The issue could surface in Paris. Russian President Vladimir Putin is also scheduled to be in Paris this weekend. He and Trump may well bump into each other, though no formal meeting is set.
Domestic politics could also intrude on Trump’s Paris mission.
It comes less than a week after congressional elections in which Democrats won control of the U.S. House of Representatives, even as Republicans maintained control of the U.S.Senate.
Trump will travel two days after dismissing Attorney General Jeff Sessions, a decision critics saw as a move toward shutting down a special counsel investigation of Russian interference in the 2016 election.
In visiting Paris, Trump is following a trail blazed by predecessor Woodrow Wilson. The first president to travel to Europe while in office, Wilson went to Paris to work on the peace treaty that capped World War I.
In imposing harsh reparations on Germany, and dividing up the Middle East among various European nations, the Versailles Treaty in the view of many historians sowed the seeds of future conflict.
A century ago, Wilson pushed to have the Versailles Treaty include creation of a “League of Nations” designed to prevent future wars. But the Senate rejected U.S. participation in the league, amid protests that the American entry into the world war had been a mistake that cost too much of the nation’s blood and treasure.
Throughout the Jazz Age of the 1920s and the economic depression of the 1930s, the United States stayed largely aloof from world affairs.

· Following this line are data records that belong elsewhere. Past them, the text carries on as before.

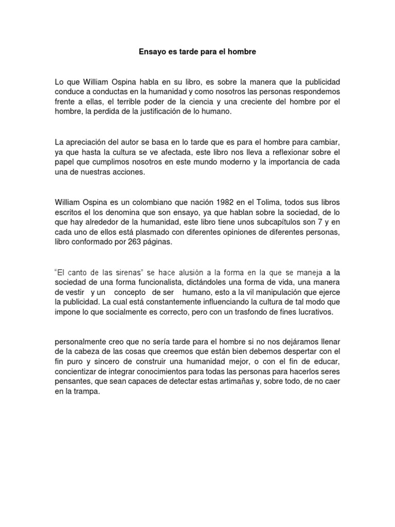 Ensayo Es Tarde para El Hombre PDF Homo Sapiens Ensayos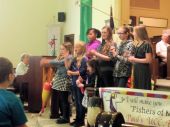 People were invited to come to worship dressed casually in what you might wear to go fishing. (If you go fishing at the grocery store, you can wear the casual clothes in which you go shopping). The sanctuary was decorated with fishing related items, including fishing poles, tackle boxes, creels, and buoys. Our Junior Choir sang, "Fishers of Men." Fishing jokes were told, an assortment of cartoons were placed throughout the bulletin, and uplifting music was sung.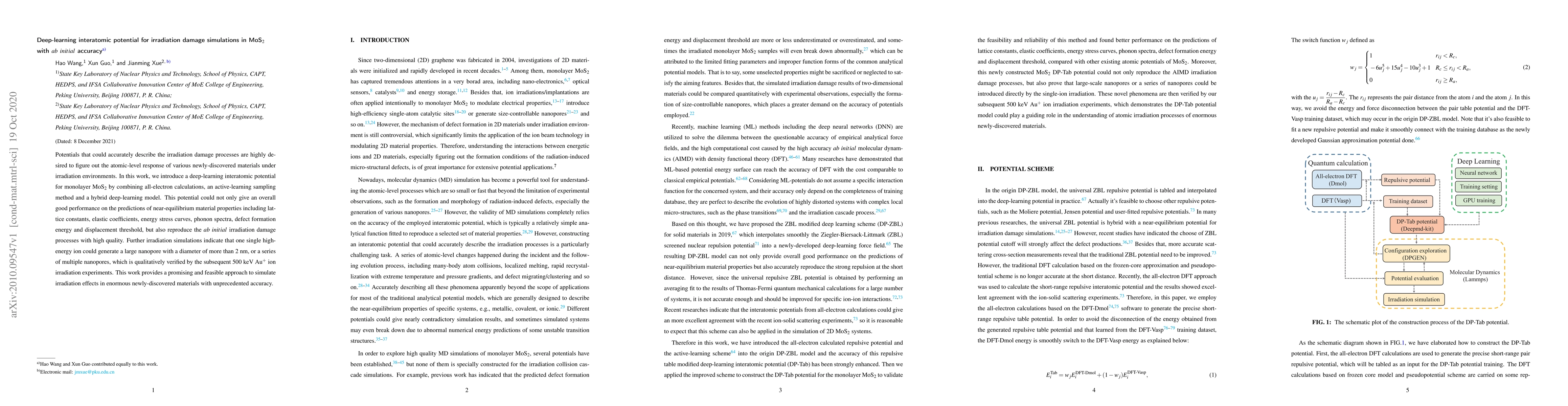 This paper introduces a deep-learning interatomic potential for monolayer MoS2 that accurately simulates irradiation damage processes, combining all-electron calculations, active-learning sampling, and a hybrid deep-learning model. The potential successfully predicts material properties and reproduces irradiation damage, verified by experimental results showing nanopore formation.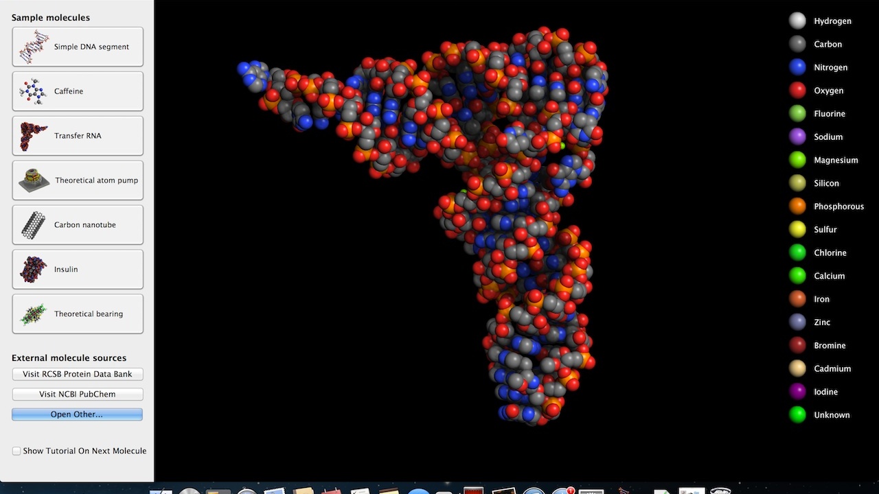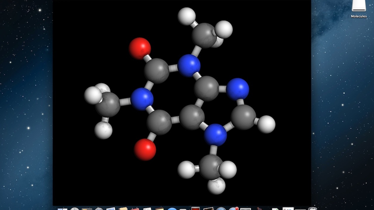 Molecules is a molecular visualizer. It is a file viewer that allows you to display three-dimensional renderings of molecules and manipulate them using a Leap Motion Controller. Molecules can be displayed in a window or in fullscreen mode, and Retina displays are fully supported.

“The close of World War I marked the beginning of a dark period in the history of the United States,” said Charles Kupchan, a senior fellow at the Council on Foreign Relations and a professor of international affairs at Georgetown University.
The nation proclaimed neutrality amid the rise and militarism of Nazi Germany and imperial Japan, into the breakout of another war in Europe in 1939. Neutrality did not end until Japan attacked Pearl Harbor on Dec. 7, 1941.
After the American triumph in World War II, presidents Franklin Roosevelt and Harry Truman sought to avoid what they saw as the isolationist mistakes of the 1920s and 1930s.
The United States created and led international efforts like the United Nations, NATO, and the Bretton Woods conference to forge an international financial system that came to include the International Monetary Fund and World Bank.
For the next seven decades, no United States president seriously questioned America’s commitment to global leadership – until Trump.
He has questioned the modern relevance of NATO, and says the United States is spending too much for the defense of Europe. He has questioned the need for U.S. troops in places like Japan and South Korea. He attacks groups like the World Trade Organization, calling them unfavorable to the United States.
“He doesn’t know much history,” said Margaret MacMillan, professor of history at the University of Toronto and author of “Paris 1919: Six Months That Changed The World.” “I think rather he sees everything like a real estate deal – for someone to win someone else has to lose.”
In a September speech to the United Nations, Trump said that “America will always choose independence and cooperation over global governance, control, and domination.”